● **Problem requirements**
Please repeat, exactly and without pictures, the lines of the entries below that run from the one containing "這是在2022世界機器人博覽" through the one containing "a free space.".

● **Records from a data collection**
───
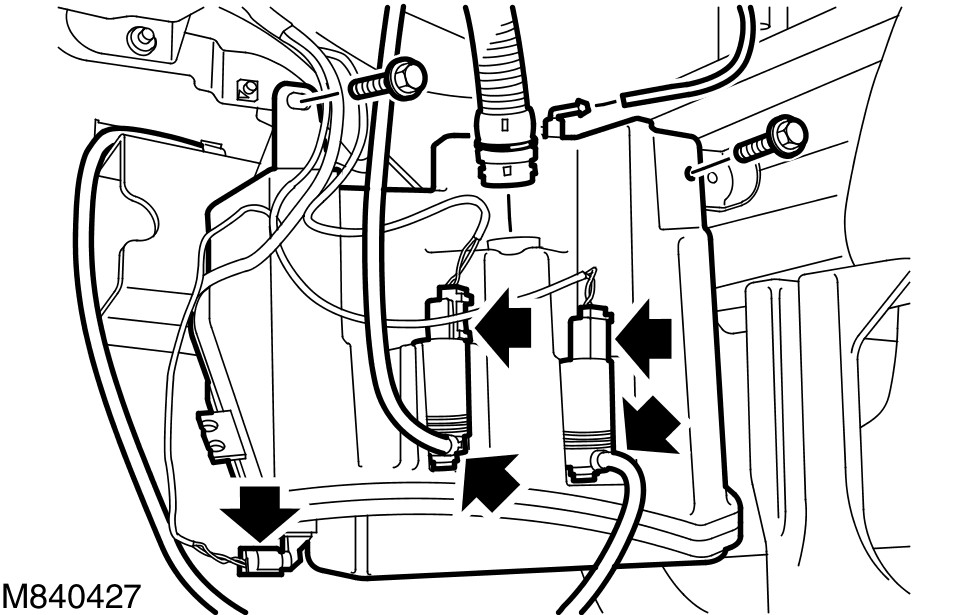 Disconnect the 3 electrical connectors from the windshield washer reservoir pumps.
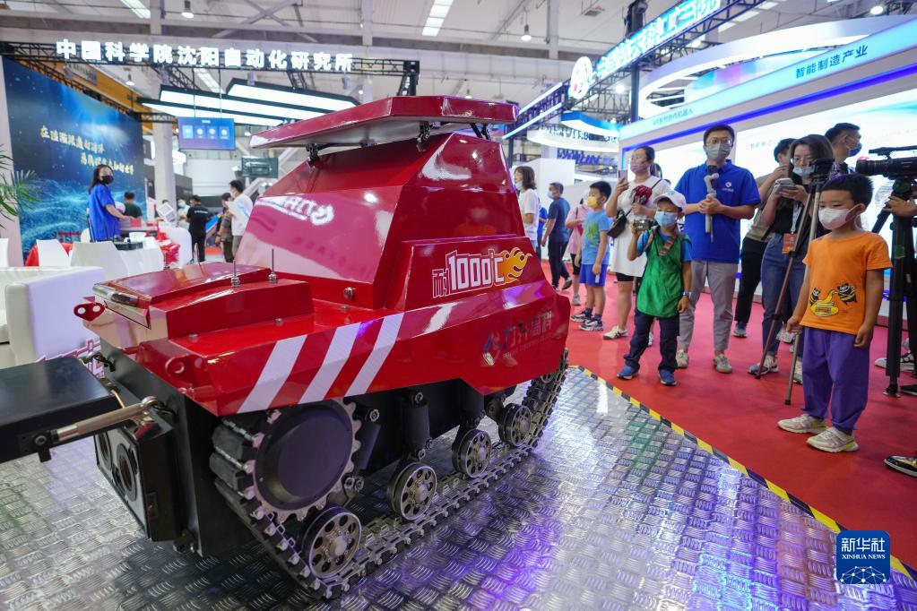 這是在2022世界機器人博覽會“機器人+應急與安全”領域展示的一款耐高溫消防滅火機器人(8月18日攝)。該機器人適用于替代消防救援人員長時間深入危險高溫火場進行火情偵察和滅火工作。
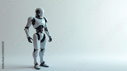 © Lednev, Fototapeta premium Robot has the appearance of a human on a white background with a free space.
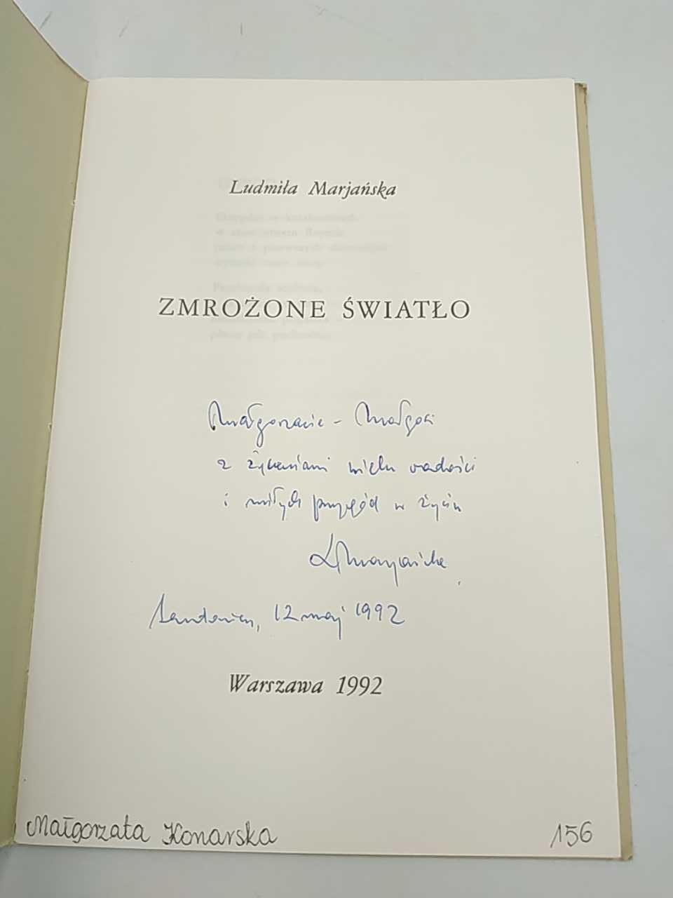 Ta książka „Zmrożone światło” autorstwa Marjańskiej to piękna okazja dla miłośników literatury z lat 90. Stan okładki jest lekko przybrudzony, jednak sama zawartość wewnętrzna jest w doskonałym stanie. Książka liczy 52 strony i zawiera dedykację na pierwszej stronie, dodając osobisty akcent do tego egzemplarza. Wydane w 1992 roku, to dzieło literackie z pewnością przyciągnie uwagę czytelników poszukujących unikatowych książek z historii literatury polskiej.
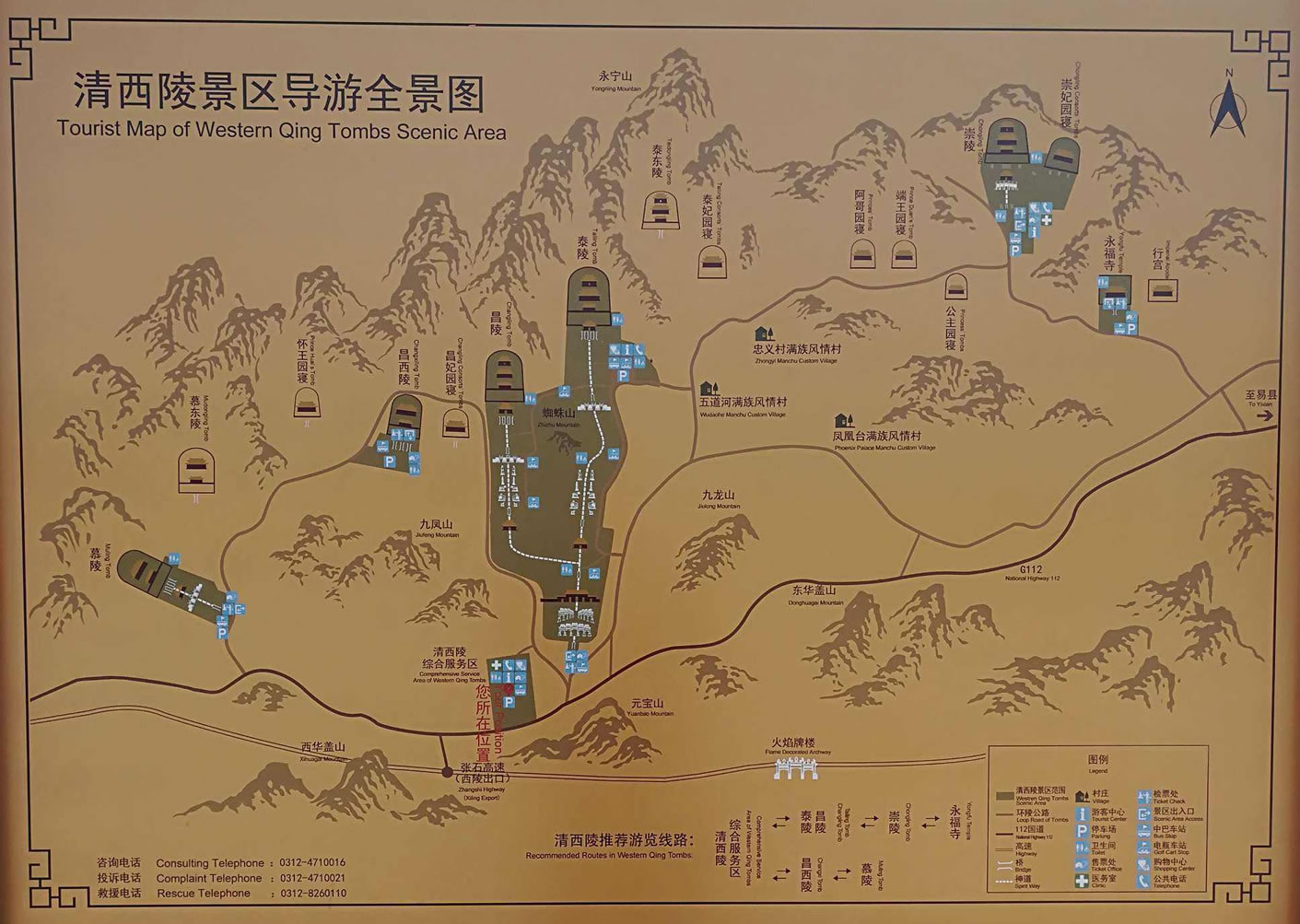 清西陵陵區(qū)內(nèi)各陵園共用祖山、石牌坊、大紅門,周圍均用風(fēng)水圍墻和火道、界樁圍繞。陵寢布局有主有從,皇后陵和妃園寢均以本朝帝陵為中心,分建左右,自成一區(qū),體現(xiàn)了附屬關(guān)系,表明陪葬之意。各帝陵神道均與主陵神道相接,后陵神道與本朝帝陵神道相接,形成枝狀的神道網(wǎng)絡(luò)。這些特點(diǎn)是清代以前的歷代皇陵所不具備的。整個清西陵陵區(qū)以清世宗雍正帝的泰陵為中心,西面分布著清仁宗昌陵和清宣宗慕陵,東面分布著清德宗崇陵、溥儀墓以及阿哥、公主園寢和永福寺等建筑。
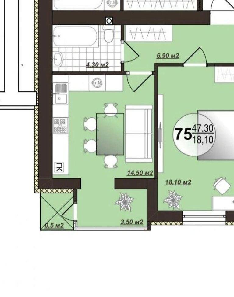 Предлагаем купить 1-комнатную квартиру в новостройке ЖК "Добробуд" площадью 47,60 м² без внутренних работ.
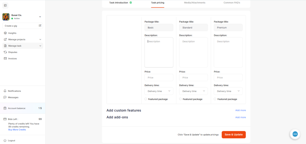 - Set pricing and packages in Task pricing
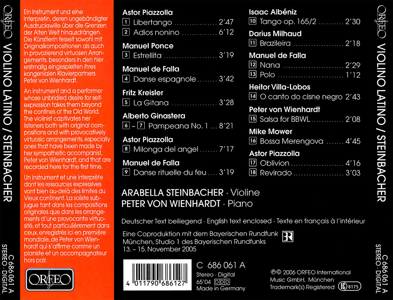 In spite of the strict rules that govern them, the rhythms of the tango, bossa nova and salsa unleash a scintillating display of virtuosity on the part of both performers. In Heitor Villa-Lobos’s O canto do cisne negro, violinist and pianist conjure up the black swan of the title from the undulating underlying motion of the music, revealing a fine ear for the atmospheric density of the writing. Impressions such as these may be found throughout this musical journey to Andalusia, Rio de Janeiro and Buenos Aires, a journey marked by the liveliest and most varied moods and ending impulsively with Piazzolla’s Revirado, in which Arabella Steinbacher prefaces the lyrical and melodious conclusion with a delightfully “?” bow-stroke.
───
● **Result for this exercise**
 這是在2022世界機器人博覽會“機器人+應急與安全”領域展示的一款耐高溫消防滅火機器人(8月18日攝)。該機器人適用于替代消防救援人員長時間深入危險高溫火場進行火情偵察和滅火工作。
 © Lednev, Fototapeta premium Robot has the appearance of a human on a white background with a free space.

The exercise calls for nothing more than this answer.